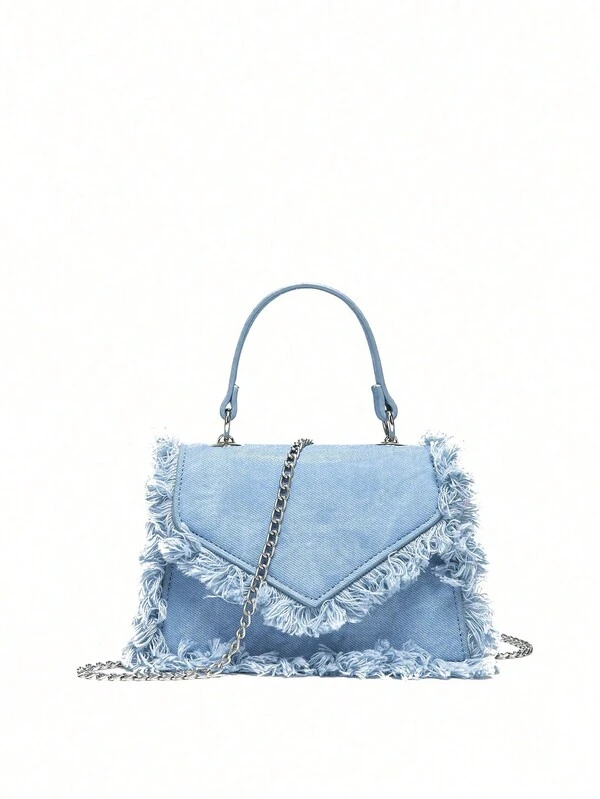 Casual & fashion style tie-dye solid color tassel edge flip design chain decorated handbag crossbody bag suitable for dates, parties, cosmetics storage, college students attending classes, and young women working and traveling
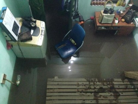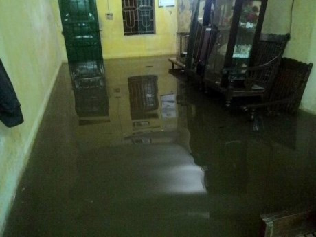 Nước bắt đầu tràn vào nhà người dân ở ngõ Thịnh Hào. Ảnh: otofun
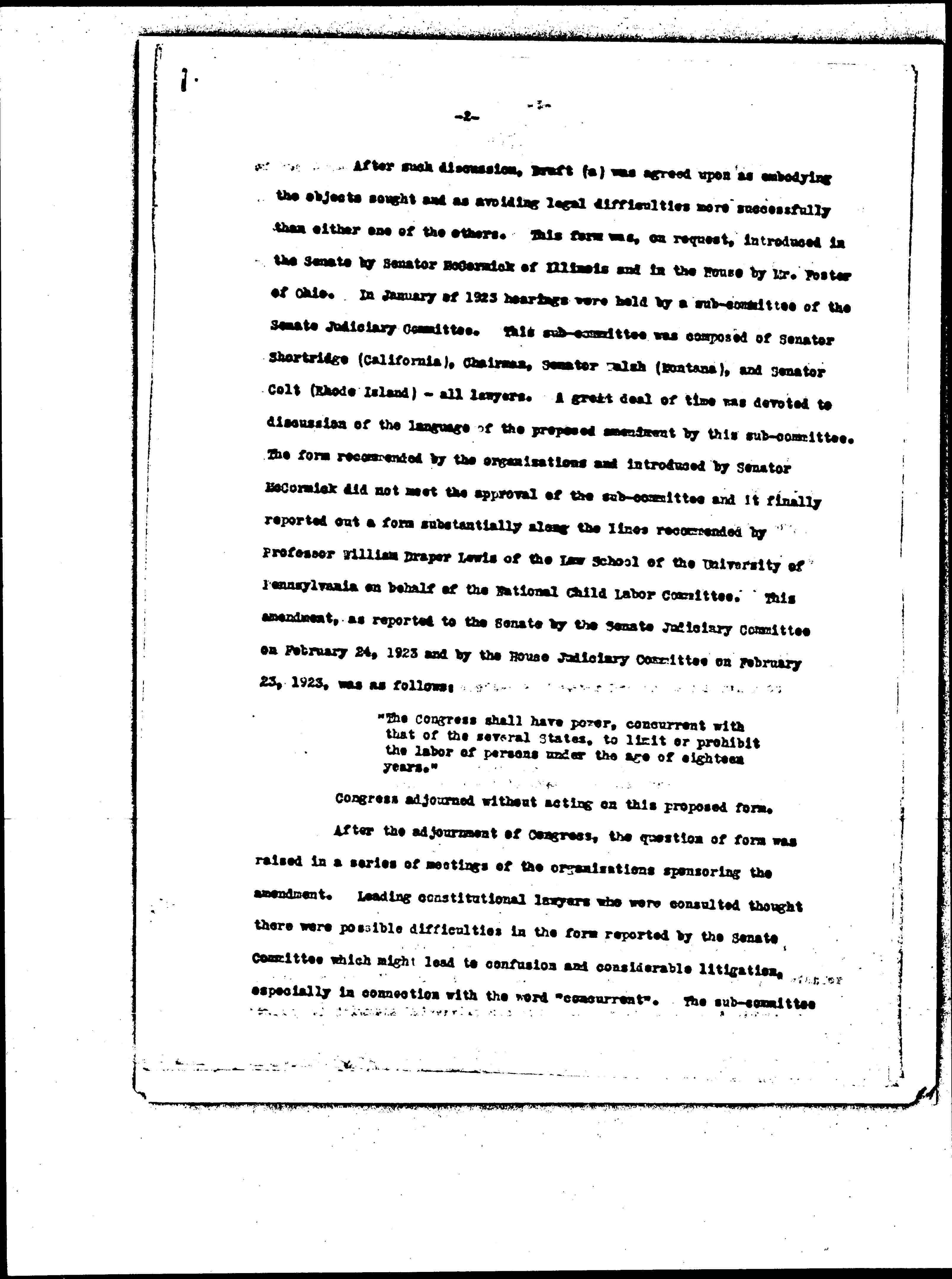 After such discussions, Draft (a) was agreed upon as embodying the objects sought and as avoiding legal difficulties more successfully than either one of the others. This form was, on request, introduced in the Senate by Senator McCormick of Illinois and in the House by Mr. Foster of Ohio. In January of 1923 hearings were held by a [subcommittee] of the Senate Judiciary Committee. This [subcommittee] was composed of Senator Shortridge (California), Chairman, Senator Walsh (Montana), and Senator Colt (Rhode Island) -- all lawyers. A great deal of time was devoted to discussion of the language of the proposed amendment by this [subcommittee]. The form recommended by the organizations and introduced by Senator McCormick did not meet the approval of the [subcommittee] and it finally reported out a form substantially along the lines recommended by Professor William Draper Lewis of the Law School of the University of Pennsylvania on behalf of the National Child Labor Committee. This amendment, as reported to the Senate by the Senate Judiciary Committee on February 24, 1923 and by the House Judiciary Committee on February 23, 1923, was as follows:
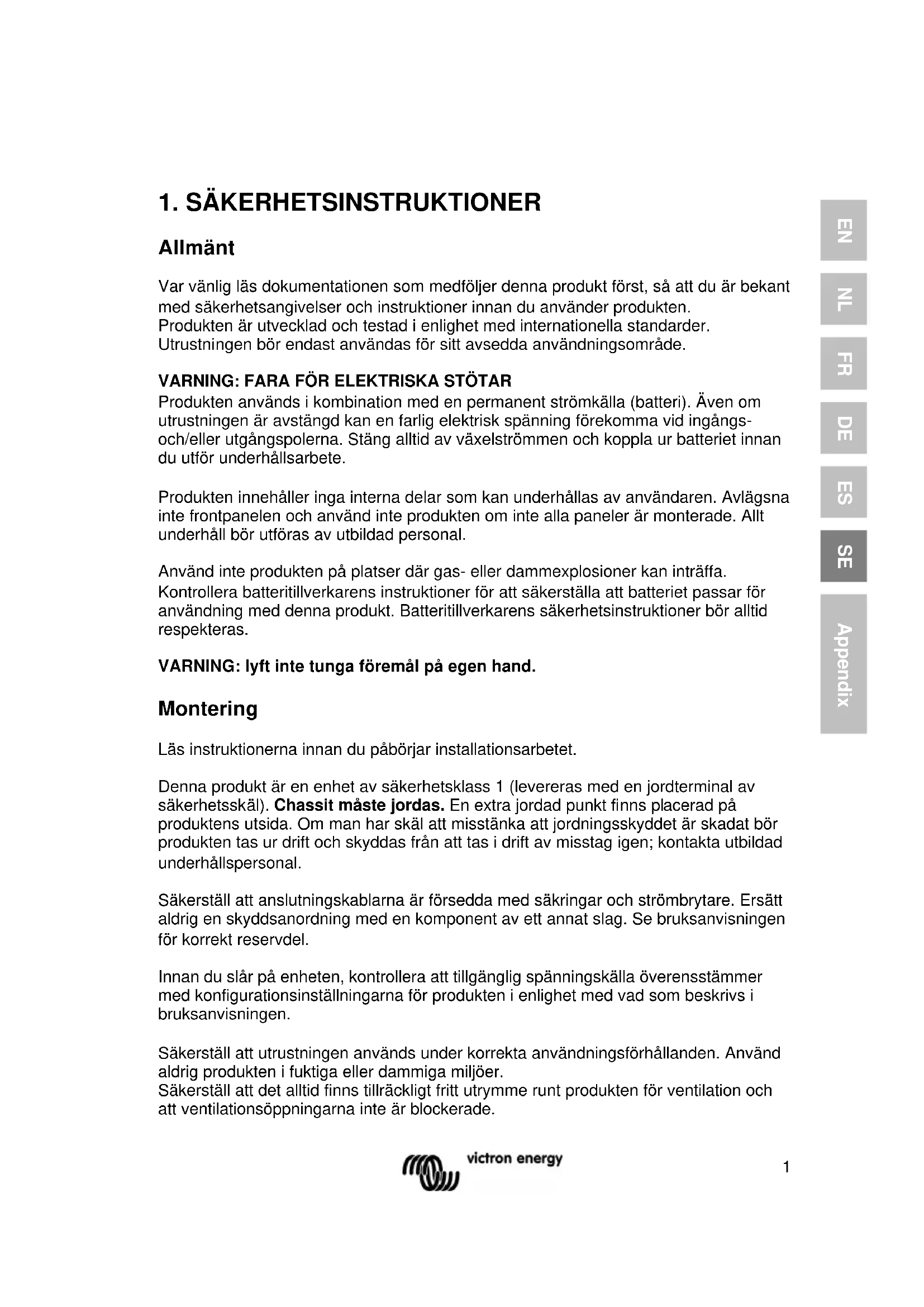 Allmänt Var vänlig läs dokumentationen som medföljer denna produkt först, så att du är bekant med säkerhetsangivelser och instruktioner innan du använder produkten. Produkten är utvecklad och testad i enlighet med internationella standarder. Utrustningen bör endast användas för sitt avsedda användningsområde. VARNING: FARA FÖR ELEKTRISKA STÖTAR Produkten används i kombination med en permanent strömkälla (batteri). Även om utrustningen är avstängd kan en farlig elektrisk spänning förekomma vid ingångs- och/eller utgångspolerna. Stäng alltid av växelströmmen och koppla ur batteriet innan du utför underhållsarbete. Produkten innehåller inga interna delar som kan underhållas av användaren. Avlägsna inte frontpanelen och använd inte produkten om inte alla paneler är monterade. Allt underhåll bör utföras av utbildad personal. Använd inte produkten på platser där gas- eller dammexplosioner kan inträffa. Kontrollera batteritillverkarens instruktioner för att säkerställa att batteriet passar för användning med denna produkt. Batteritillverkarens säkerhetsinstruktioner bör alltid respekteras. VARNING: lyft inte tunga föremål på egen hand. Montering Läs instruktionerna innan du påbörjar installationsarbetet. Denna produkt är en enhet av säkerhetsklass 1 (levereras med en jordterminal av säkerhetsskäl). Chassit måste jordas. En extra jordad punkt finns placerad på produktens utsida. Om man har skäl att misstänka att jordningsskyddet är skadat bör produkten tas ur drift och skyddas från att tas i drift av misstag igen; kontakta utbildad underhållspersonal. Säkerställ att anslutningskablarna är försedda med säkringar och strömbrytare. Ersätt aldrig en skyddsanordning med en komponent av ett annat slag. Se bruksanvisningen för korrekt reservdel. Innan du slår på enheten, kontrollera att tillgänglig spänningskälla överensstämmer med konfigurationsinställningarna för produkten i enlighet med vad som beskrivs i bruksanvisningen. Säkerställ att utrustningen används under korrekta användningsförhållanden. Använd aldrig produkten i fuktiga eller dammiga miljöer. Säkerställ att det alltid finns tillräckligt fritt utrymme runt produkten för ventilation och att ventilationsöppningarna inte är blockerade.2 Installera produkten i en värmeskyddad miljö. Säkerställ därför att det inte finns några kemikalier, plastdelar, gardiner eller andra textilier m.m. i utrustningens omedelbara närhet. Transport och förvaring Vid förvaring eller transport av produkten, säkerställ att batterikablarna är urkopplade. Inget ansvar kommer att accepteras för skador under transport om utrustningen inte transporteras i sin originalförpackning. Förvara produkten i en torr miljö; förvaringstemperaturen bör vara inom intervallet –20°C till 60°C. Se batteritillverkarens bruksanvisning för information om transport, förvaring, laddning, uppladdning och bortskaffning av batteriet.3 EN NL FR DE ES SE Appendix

----------

→ INSTRUCTIONS FOR THE TASK
Exact repetition required: repeat the first line of the listing above, the line containing "Nước bắt đầu", and every line between, leaving out pictures.

→ ANSWER TO THE EXERCISE
 Casual & fashion style tie-dye solid color tassel edge flip design chain decorated handbag crossbody bag suitable for dates, parties, cosmetics storage, college students attending classes, and young women working and traveling
 Nước bắt đầu tràn vào nhà người dân ở ngõ Thịnh Hào. Ảnh: otofun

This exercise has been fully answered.